Connect with us

Gayahidup

Kisah SUFI Kaya dan GURU Miskin

Published

on

REPORTASE INDONESIA – Jakarta, Suatu saat, seorang guru merekomendasikan kepada muridnya untuk berguru kepada seorang sufi ternama. Setelah melewati perjalanan yang amat panjang, sang Murid akhirnya bisa berjumpa dengan sufi yang dimaksud.

Betapa kagetnya setelah ia mengetahui rumahnya yang mewah bak istana raja. Ia bertanya kepada para tetangganya, apakah betul bahwa istana itu tempat tinggal sang Sufi sebagaimana yang direkomendasikan oleh gurunya. Semuanya menjawab “Ya”. Lebih kaget lagi setelah si pemilik istana itu datang dengan pakaian yang mewah dan kendaraan yang luar biasa bagusnya. Sang murid bertanya-tanya dalam hatinya, apakah benar yang dimaksudkan oleh gurunya. Akan tetapi karena telanjur sudah menempuh perjalanan jauh yang sangat melelahkan, iapun menjumpai Sufi yang kaya raya tersebut. Setelah menyampaikan salam dari gurunya, ia pun menyampaikan maksud dan tujuannya.

Betapa kagetnya sang murid setelah mendengar kata-kata yang keluar dari lisan Sufi yang kaya raya itu. Ia berkata, “Tolong sampaikan salam saya kembali kepada gurumu. Aku berpesan agar dia tidak terlalu sibuk dengan urusan dunia.”

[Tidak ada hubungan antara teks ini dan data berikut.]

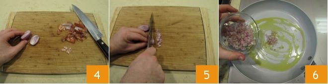 Clean the shallot 4 and finely chop it 5, then let it soften for a few minutes in a large pan with 1 ½ tbsp of oil 6.
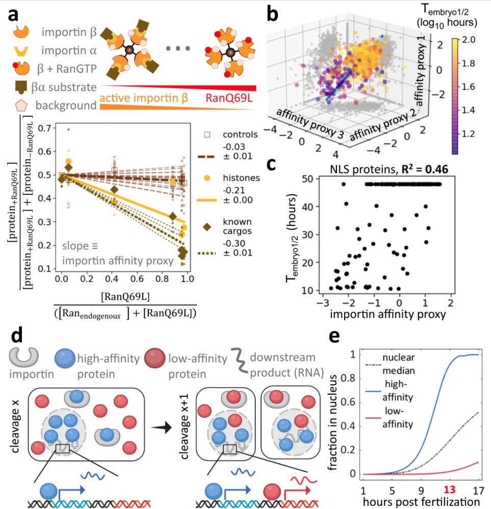 Fig. 4: The affinity of proteins to importin contributes significantly to their ordering of nuclear entry in early development. a Estimation of proteome-wide affinity to importin a/B. We quantified changes in protein abundance associated with importin beads among conditions with varying amounts of RanQ69L. Abundance of known importin a/B substrates [53], including histones, decreases with increasing RanQ69L concentration. Large dots represent the median protein fraction of a protein subgroup at each RanQ69L concentration, while small dots represent measurements for individual proteins. We applied a linear fit for each protein with a fixed y-intercept and used the slope to proxy for a protein’s affinity to importin. b Scatter plot of triplicate affinity proxy measurements from experiments outlined in (a). We integrated these measurements to one dimension using cross-validated canonical correlation analysis [49]. c Importin affinity can explain a significant fraction of the timing of nuclear entry in early development. The scatter plot shows T embryo 1/2 versus importin a/B affinity proxy. The observed Pearson correlation suggests that importin affinities can explain >46% of the variance of the timing of nuclear entry or NLS containing proteins in early embryonic development. d Schematic of our proposed model in which the differential affinity of proteins to importin controls the timing of genomic access in embryonic development. A high-affinity protein titrates into the nucleus faster than a low-affinity protein, resulting in the corresponding DNA access of proteins. This ordering could determine the timing for the onset of downstream transcription. e Simulation of the model proposed in (d). We model competitive binding of substrates with varying affinity to a limiting number of importin. The proposed model provides a simple explanation for the timing of protein access to the embryonic genome in early development. |
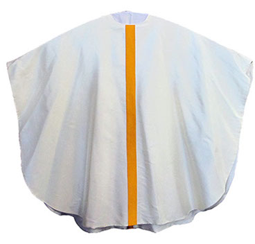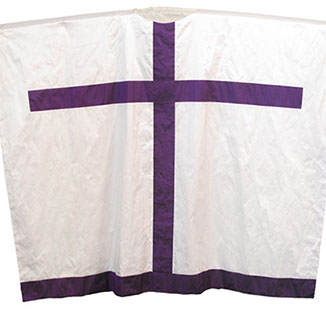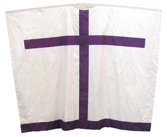 Weiße Casel 2010, 140 x 160 cm, Vorderseite, Doupionseide mit violetten Applikationen in Doupion, Paramentenhaus Wefers Köln
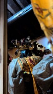 中央本尊は正面からは見えない。右からのぞき込むと蒼じみた木造の青年像。
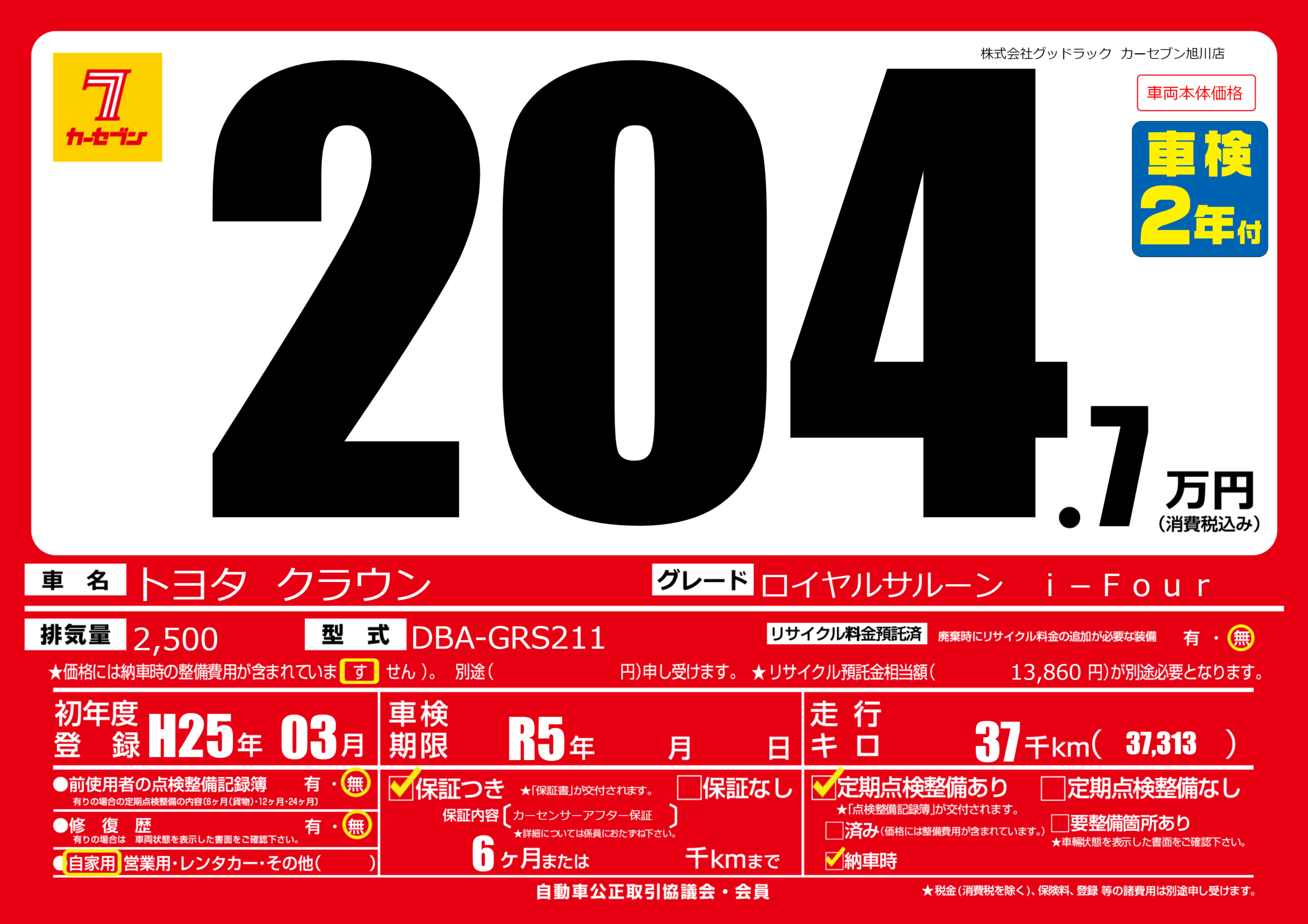 | 走行キロ | 3.7万km | ||
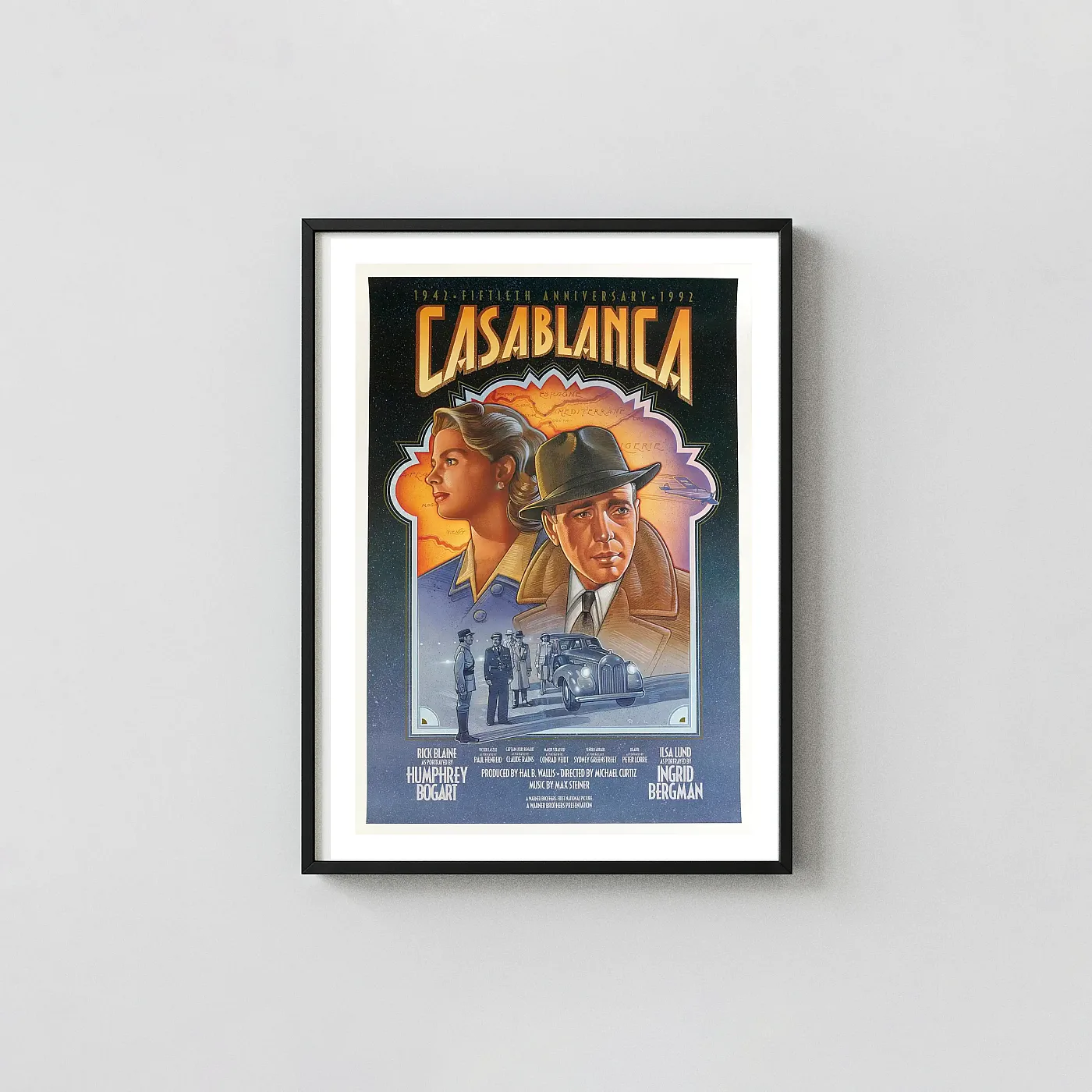 Casablanca Movie Poster Vintage Rick Blaine & Ilsa Lund is built for buyers who want movie posters with real wall presence, not filler decor. The print is available in multiple sizes, with digital download support for faster custom framing.

Bak disambar petir di siang bolong. Bagaimana mungkin orang kaya raya itu memberi nasehat kepada gurunya yang jauh dari kehidupan dunia agar tidak sibuk dengan urusan dunia. Bukankah yang lebih sibuk mengurus dunia adalah orang kaya tersebut? Ia pamit pulang, tidak jadi berguru kepada orang yang direkomendasikan oleh gurunya.

Sesampai dipadepokan gurunya, ia melaporkan semua kejadian yang dialaminya, termasuk nasihat orang kaya itu kepada gurunya. Sang murid lebih tidak mengerti lagi setelah sang guru yang sangat dihormati itu ternyata menangis dan membenarkan nasihat orang kaya raya tersebut.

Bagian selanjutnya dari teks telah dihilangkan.